Bone marrow adiposity and bone strength
Histology of the distal femur showed that the number (Ad.N/BS) and volume (Ad.V/TV) of adipocytes in the marrow cavity were highly variable across individuals and were not affected by temperature (Table 3). Mechanical testing of the femoral diaphysis indicated no temperature-induced differences in stiffness, maximum load, or postyield displacement (Table 3).
Table 3.
6 wks of age | |||||||||||||
---|---|---|---|---|---|---|---|---|---|---|---|---|---|
20°C (cool) | 22°C (control) | 26°C (warm) | 20°C (cool) | 22°C (control) | 26°C (warm) | ||||||||
SD | SD | SD | SD | SD | SD | ptemperature | |||||||
Ad.N/BS (%) | 43.0 | 16.2 | 26.2 | NS | |||||||||
Ad.V/TV (%) | 0.19 | 0.16 | 0.16 | NS | |||||||||
Maximum load (N) | 1.6 | 1.5 | 1.3 | 3.5 | 4.2 | 2.7 | NS | ||||||
Stiffness (N/mm) | 12.1 | 13.8 | 9.5 | 30.3 | 29.2 | 17.0 | NS | ||||||
Postyield displacement (mm) | 0.35 | 0.31 | 0.29 | 0.21 | 0.44 | 0.35 | NS | ||||||
Estimated elastic modulus (GPa) | 0.49 | 0.56 | 0.49 | 0.74 | 1.31 | 0.85 | NS |
UCP1 mRNA and protein in brown adipose tissue
As measured by RT-PCR, the relative mRNA abundance of the nonshivering thermogenesis marker UCP1 in BAT was 58% higher for cool vs. warm mice at 6 weeks of age (p<0.05) and 66–8% higher in cool and control vs. warm mice 12 weeks of age p<0.005 for both, N=8 individuals/group, Fig. 3).

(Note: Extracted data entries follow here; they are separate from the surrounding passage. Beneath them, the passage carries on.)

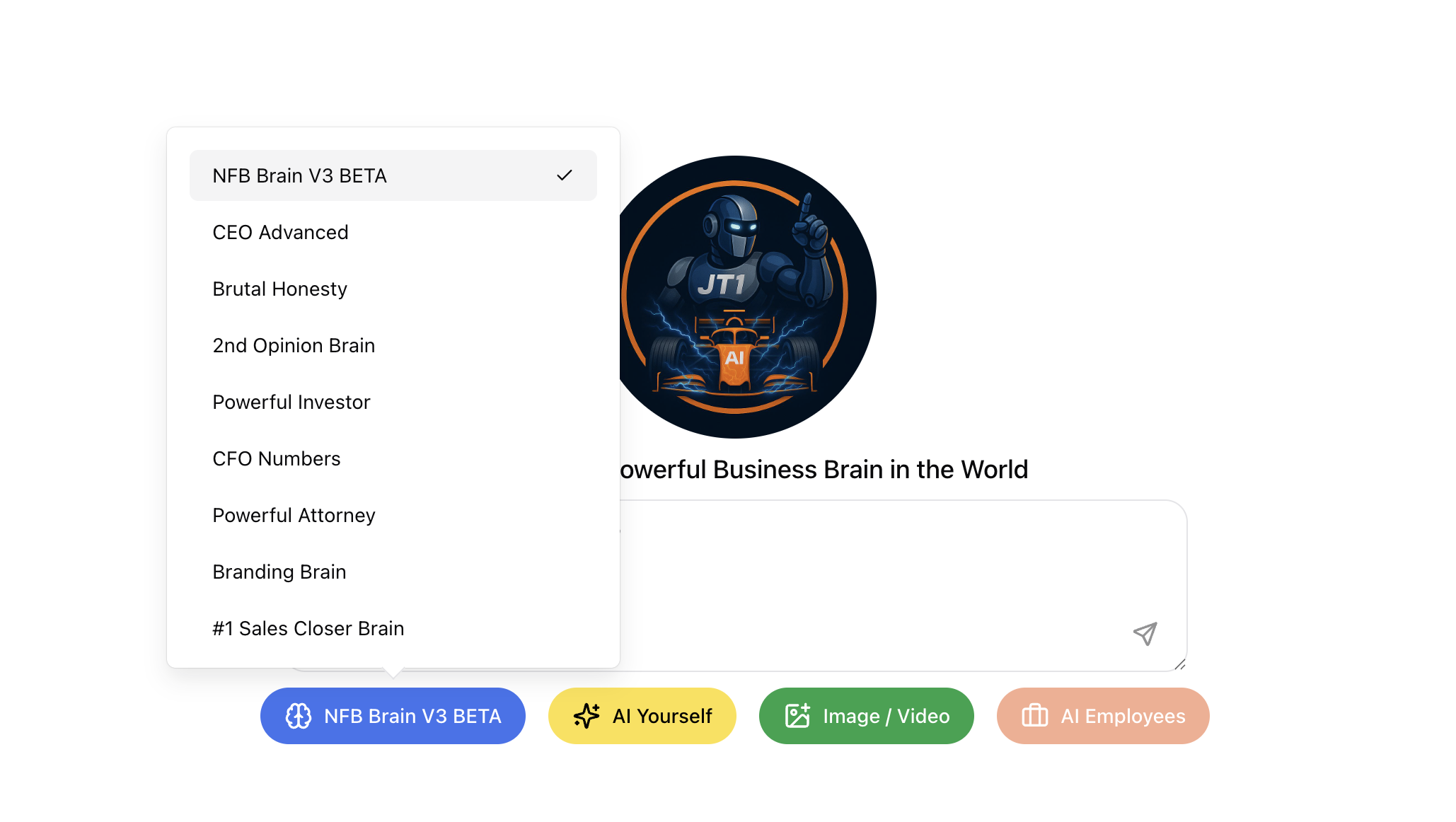 JT1 - 1 Brain - What makes JT1 different from every other AI in the world is not just its 8,000 hours of real business knowledge. It is powered by a proprietary business algorithm and system of commands that no one has ever built before. The main brain is known as the NFB (Nine Figure Brain)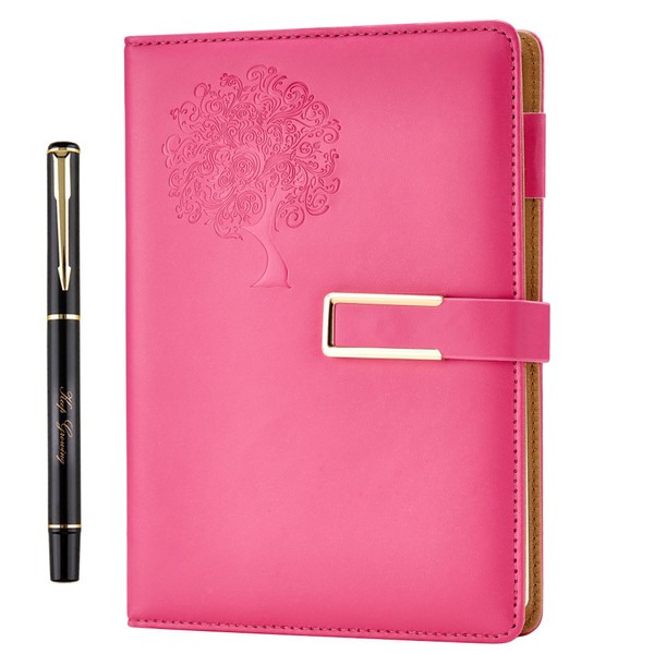Fanery Sue Tree of Life Refillable Writing Journal for Women&Men Faux Leather Hardcover Notebook A5 College Ruled 200 Lined Pages Lay-Flat Personal Diary with Pen&Magnetic Buckle (Hot Pink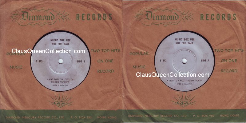– 1985 – I Was Born To Love You /A View To A Kill (D. Duran) – (Malaysia E 343 – JB no p/s) LABEL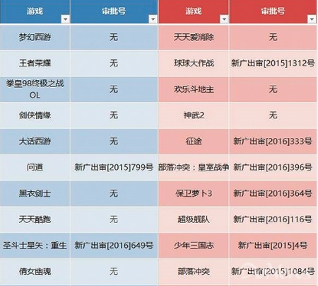 很多已經(jīng)上線的知名游戲沒有獲得審批號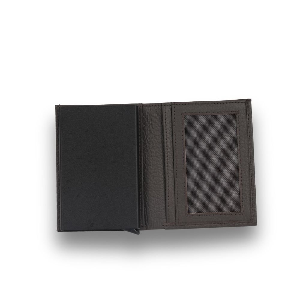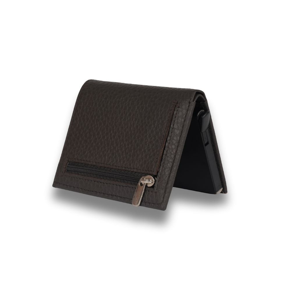 Designed for everyday convenience, the wallet features a built-in pop-up card holder that allows quick and easy access to your cards with a single push, while maintaining a sleek, compact silhouette.
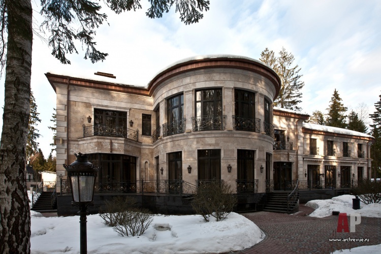 Трехуровневый особняк с высоким цоколем и полукруглым эркером изначально имел одноэтажное боковое крыло, где разместился SPA-комплекс (бассейн, сауна, хаммам).В процессе строительства заказчики предложили расширить приватную зону второго этажа за счет надстройки дополнительного объема над бассейном. В итоге крыша бассейна была превращена в полноценный жилой этаж.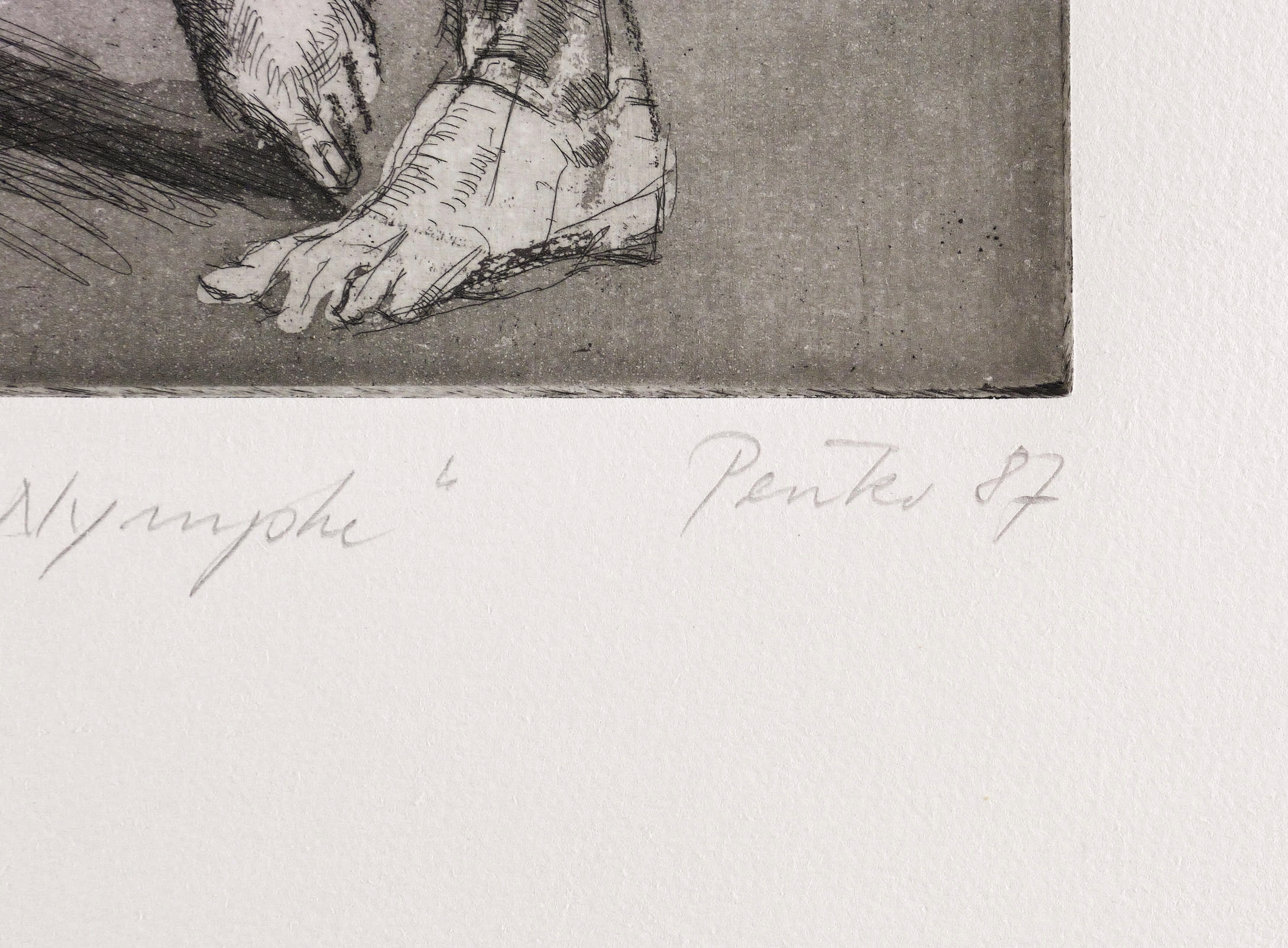1987. Radierung / Strichätzung & Aquatinta, in Schwarz, auf festem hellchamois Hahnemühle. – Originale Künstlergrafik, von Wolfgang Peuker. – Auflage Exemplar Nr. 20/50. – 29,7 x 22,0 cm (Darstellung / Platte), 49 x 35 cm (Blatt).

Following RT-PCR, a subset of mice was used for UCP1 protein detection via Western blotting (N=3–4 from each temperature, Fig. 3). UCP1 protein expression in BAT total protein lysate was 50–55% higher in cool and control vs. warm mice at 6 weeks and 66% higher in cool vs. warm mice at 12 weeks of age (p<0.01 for all, Fig. 3).
DISCUSSION
In this study, we tested two hypotheses: 1) that exposure to low temperature impairs bone acquisition during rapid skeletal growth, and 2) that upregulation of UCP1 is proportional to the decrease in temperature. We predicted that low temperature would increase sympathetic tone, leading to decreased trabecular microarchitecture, cortical bone cross-sectional geometry, and bone strength, but also higher UCP1 expression as a marker of NST in BAT. To test these hypotheses, we raised 3-week-old C57J/B6 male mice to 6 or 12 weeks of age at 20°C (low temperature, “cool”), 22°C (standard housing, “control”), and 26°C (near thermoneutrality, “warm”).

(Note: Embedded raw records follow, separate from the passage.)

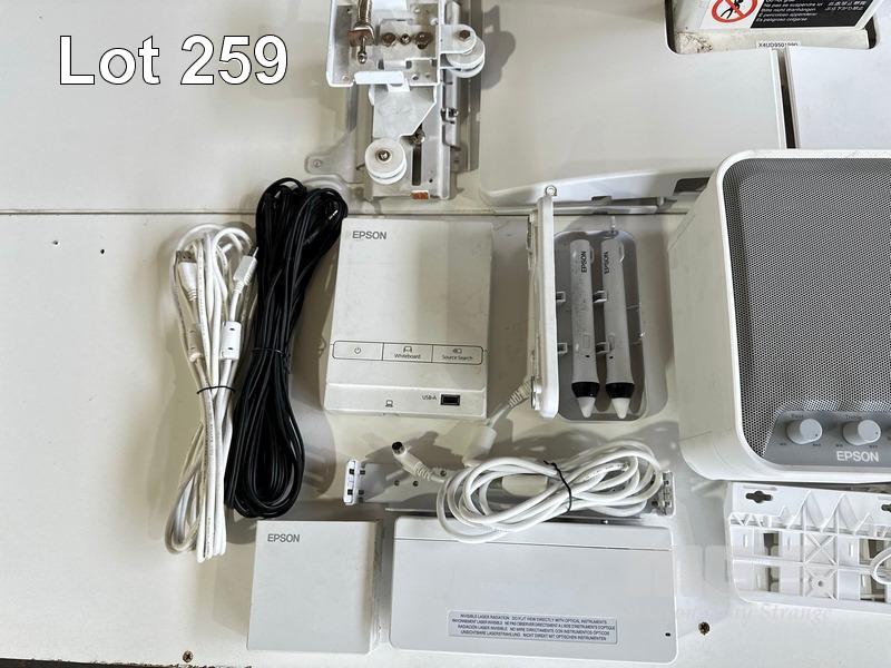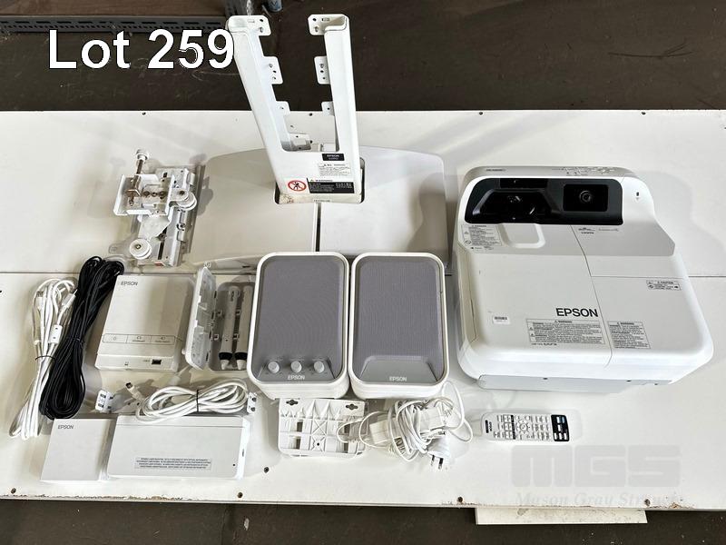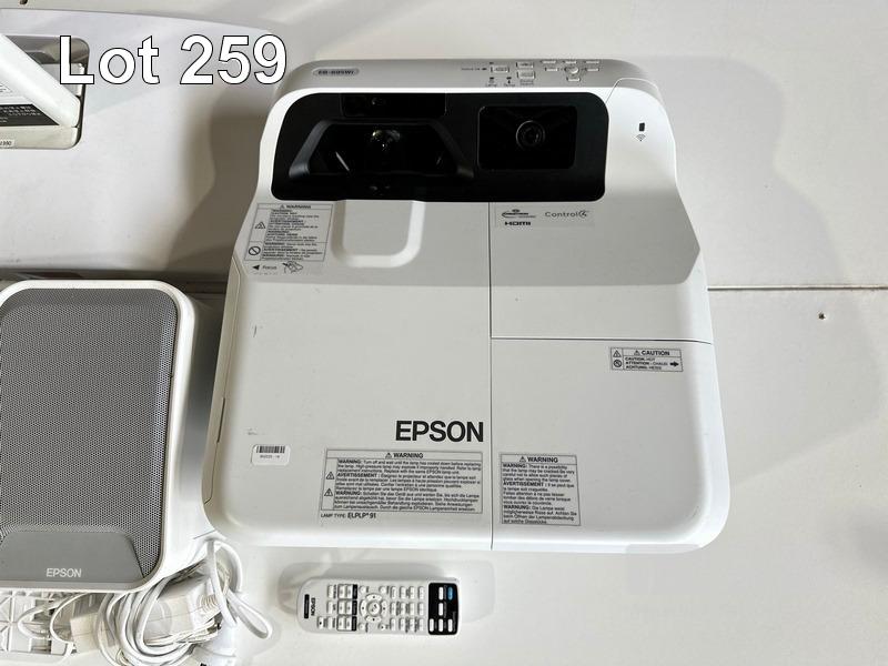 PROJECTOR, EPSON EB-695Wi ULTRA SHORT THROW, 3500 LUMENS, 255 NORMAL HOURS & 56 ECO HOURS SHOWING & REMOTE WITH BRACKET, ELPSP02 SPEAKERS, CONTROL BOX, H599LCU TOUCH UNIT & INTERACTIVE PENS S/N:X3QP0900163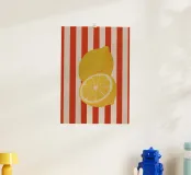 Aggiungete un pizzico di allegria e di fascino al vostro spazio con questa accattivante opera d'arte da parete a forma di limone.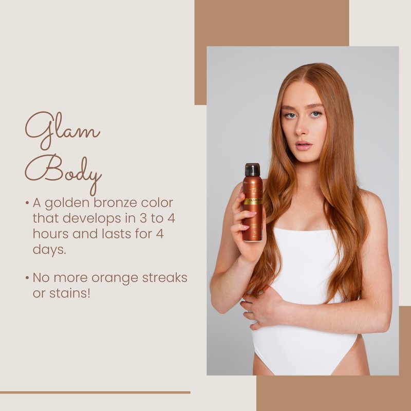 - GLAM BODY AND ON THEGO SELF TANNER: Intense and long-lasting instant tan spray for a golden bronze natural pigment which develops in the 3-4 hours following application and can persist for 4 days.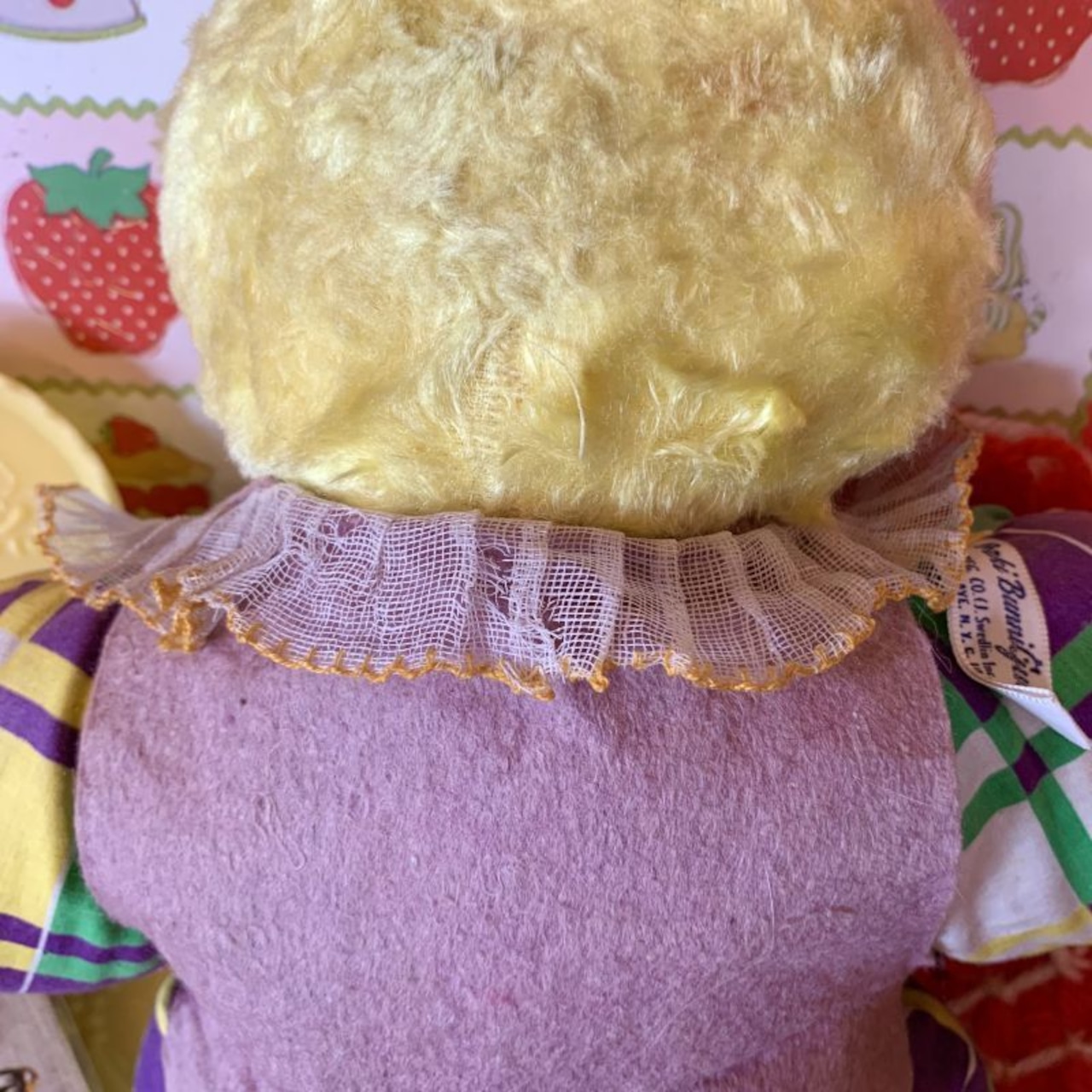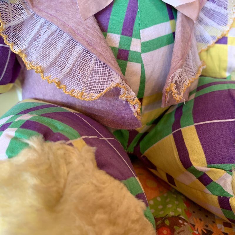 ボアにシミ、フェルト製のお洋服に色褪せやシワのくせ、縁取りのレースに破れなど経年感が見られますが年代の割にきれいな方かと思います。

In partial support of our first hypothesis, the results indicate that low temperature is deleterious to overall skeletal size and to bone mass. Compared to mice housed near thermoneutrality, cool-housed mice had shorter bodies and tails, lower trabecular bone volume fraction, sparser, less connected trabeculae in the distal femur, lower midshaft femur cortical bone volume fraction, and a trend towards lower cortical thickness (p=0.053), at 12 weeks of age. Despite higher food intake, cool mice had lower fat mass at 6 weeks of age and lower serum leptin levels at 6 and 12 weeks, although their body mass did not differ from warm-housed mice.

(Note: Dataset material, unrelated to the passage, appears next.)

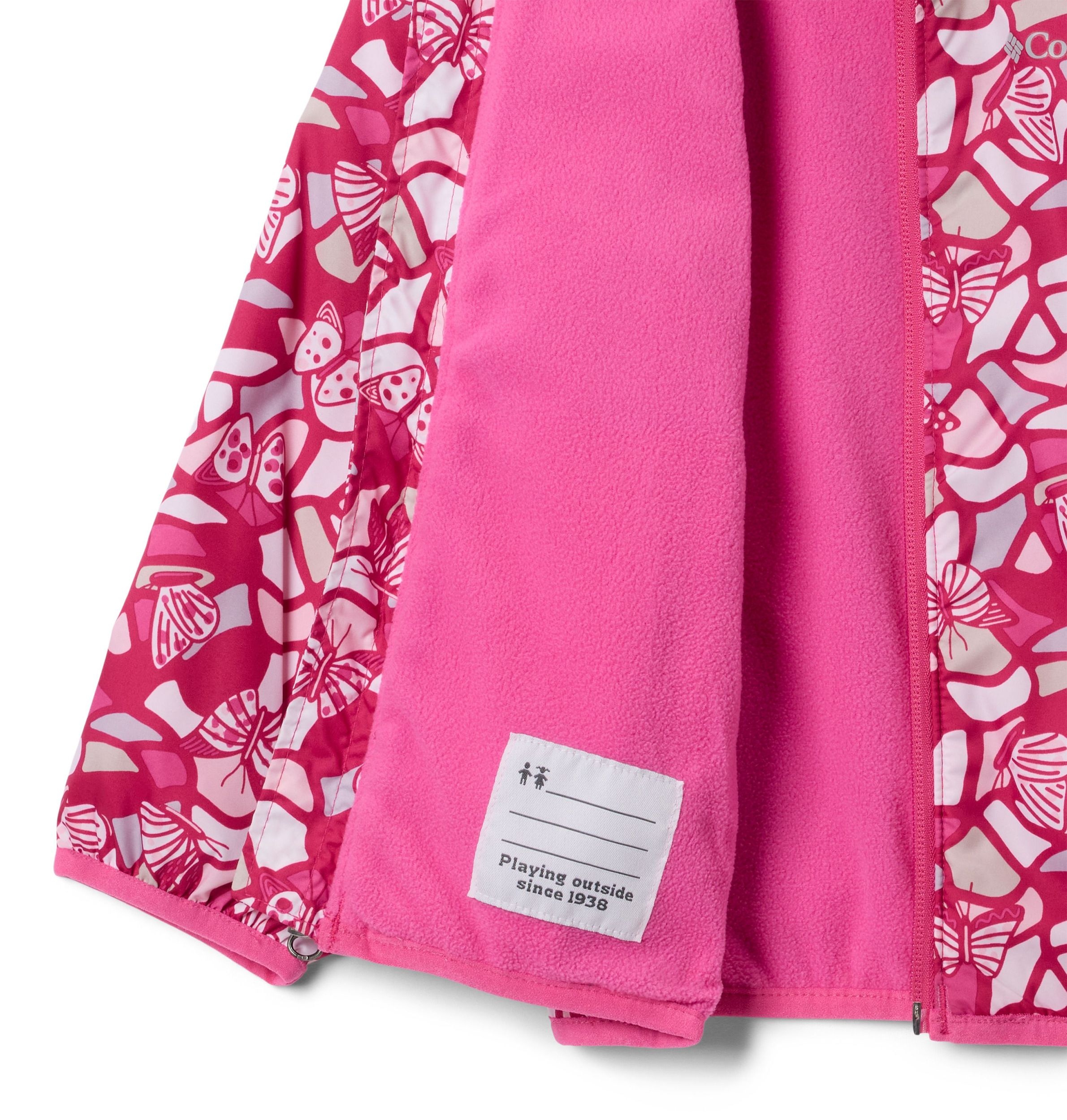 A cozy, fleece-lined windbreaker for kids, featuring a water-resistant exterior in fun prints. Columbia offers this jacket in multiple colours and sizes. Regular fit.

Contrary to our first hypothesis, cool-housed mice did not have lower BMD, higher marrow adiposity, or lower midshaft diaphyseal bone strength. The most likely explanation is that the range of temperatures we used was too small. In terms of bone strength, cool housed mice had thinner cortices but not lower polar moments of inertia, indicating that the distribution of bone mass allowed maintenance of bending strength. More generally, the finding that a modest temperature change had greater effects in trabecular than cortical bone is consistent with the observation that trabecular bone is more responsive than cortical bone to external stimuli, perhaps due to its relatively higher surface area and turnover rate (Bilezikian et al. 2002). Similarly, although Huggins and Blocksom (1936) found that transplanting vertebrae from the tail to the abdominal cavity of rats decreased marrow adiposity, the temperature difference from outside to inside the body was greater than the range of temperatures used here.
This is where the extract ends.